This repository is to practice writing different types of filters
The code in this directory is heavily inspired/ripped from https://github.com/rlabbe/Kalman-and-Bayesian-Filters-in-Python. It is a great resource for learning more about filters.
The kalman_*
files implement the base Kalman filter in different ways.
The UKF_one_file.py
file takes the UKF code from the rlabbe repository above, and writes it all in one file so it can be easier to see what is happening.
The plot generated by UKF_one_file.py
can be directly compared with the plot generated from UKF_rlabbe.py
.
UKF_one_file.py
and UKF_rlabbe.py
is the direct implementation from the Robot Localization - A Fully Worked Example
section of https://github.com/rlabbe/Kalman-and-Bayesian-Filters-in-Python/blob/master/10-Unscented-Kalman-Filter.ipynb.
UKF.py
contains my own implementation of the UKF and sigma point functions.
sim.py
contains the code to simulate a diff-drive robot in an environment with landmarks while also running a UKF to perform state estimation.

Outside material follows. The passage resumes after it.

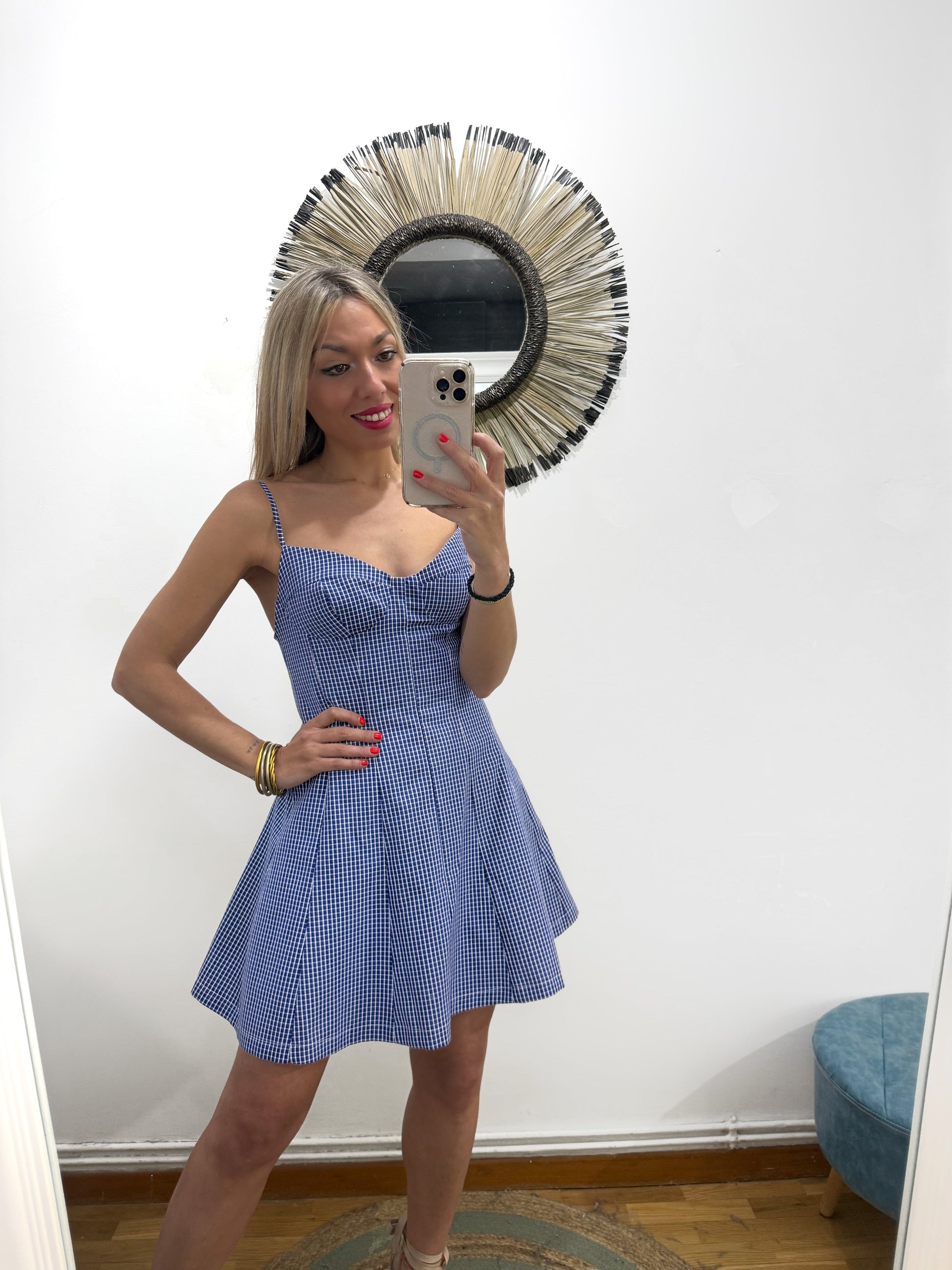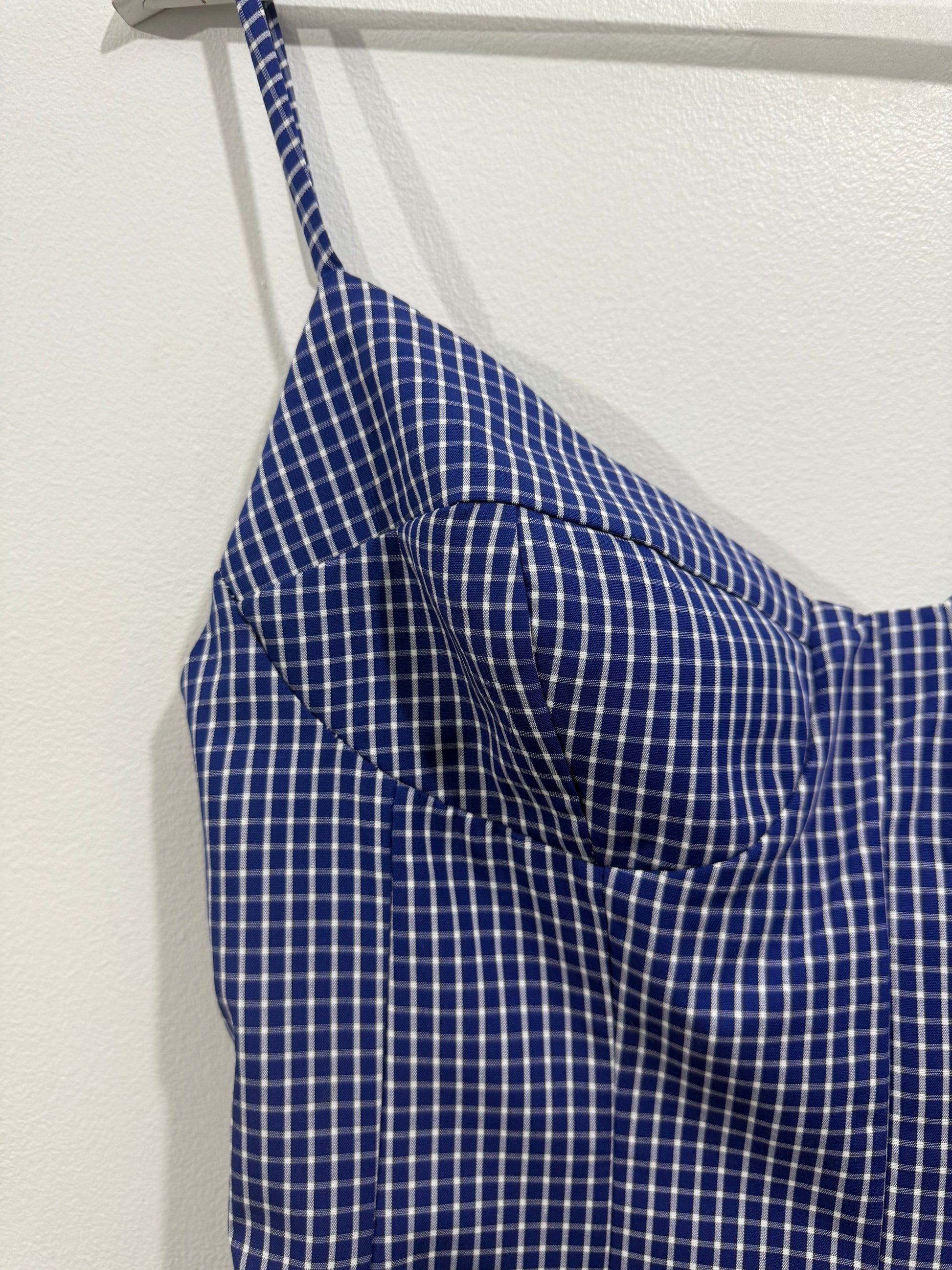 Vestido de cuadrito en azul marino y blanco. Es de tirantes con escote de corazón y cazuelas sin relleno. Tiene pinzas y evase. Queda entallado de cintura y sienta ideal.

To run the simulation, simply execute the following from the filtering_sandbox/filtering_sandbox
directory:
python3 sim.py
Click on the animation window to make sure it is active.
You can control the robot by pressing the up
, left
, and right
keys.
The gray ellipse is the covariance after the predict stage of the UKF, and the green ellipse is the covariance after the update stage of the UKF.